Category	Steps	What they do
Output scanning	`scan_output`, `scan_tool_results`, `redact_tool_results`	Scan model outputs for PII, secrets, policy violations
Integrity	`verify_claims`, `verify_artifact`, `dedup_output`	Verify factual claims, artifact integrity, drop duplicate responses
Restoration	`pii_restore`, `constrain_output`	Put tokenized PII back for authorised consumers, enforce format constraints

How a step decides

Every step produces a detection with a category, severity, and optional modification. The detection is handed to policy (OPA / Rego), which chooses one of four actions:

Action	Meaning
`block`	Reject the request; return a `PolicyBlockError` to the agent
`redact`	Strip the sensitive content in-place; continue
`notify`	Log the finding; continue
`allow`	Skip; treat as clean

Action picking lives in policy, not in the step.
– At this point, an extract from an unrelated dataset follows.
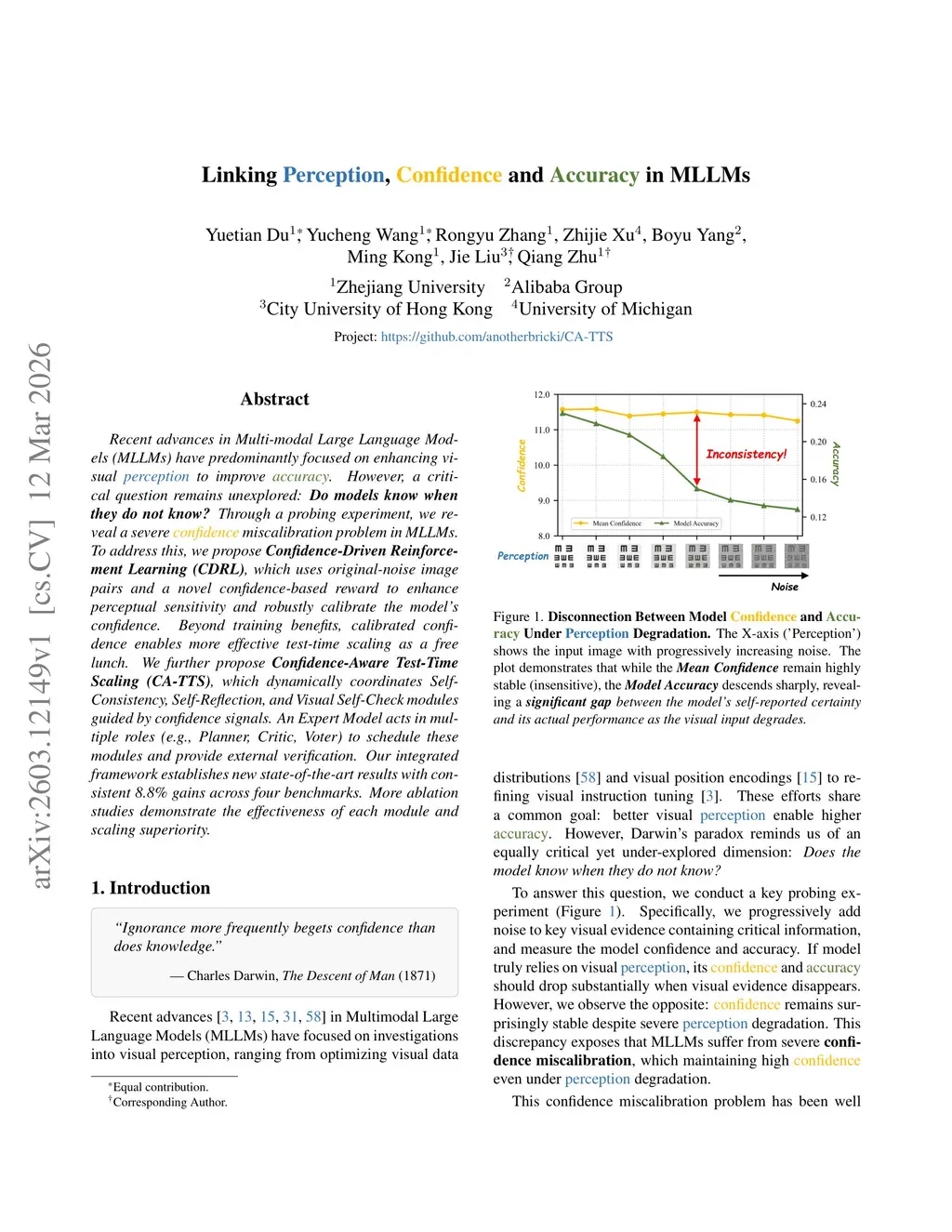 Linking Perception, Confidence and Accuracy in MLLMs

That’s why two customers can run the same step set with different behaviours.

Configuration shape

Every step can be tuned per-org:

{
  "steps": {
    "detect_pii": {
      "enabled": true,
      "on_detection": "redact",
      "threshold": 0.8
    },
    "detect_injection": {
      "enabled": true,
      "on_detection": "block",
      "threshold": 0.6
    },
    "rate_limit": {
      "enabled": true,
      "max_calls": 100,
      "window_seconds": 3600
    }
  }
}

Policy presets live in config/policies/{default,alpha,beta,acme}.yaml on the server. Per-customer Rego overrides go in config/policies/rego/.

Capability tokens for tool calls

For agents with tool access, the tool-governance steps verify a capability token — a signed, time-bound credential that names exactly which tools the agent can call and with what constraints.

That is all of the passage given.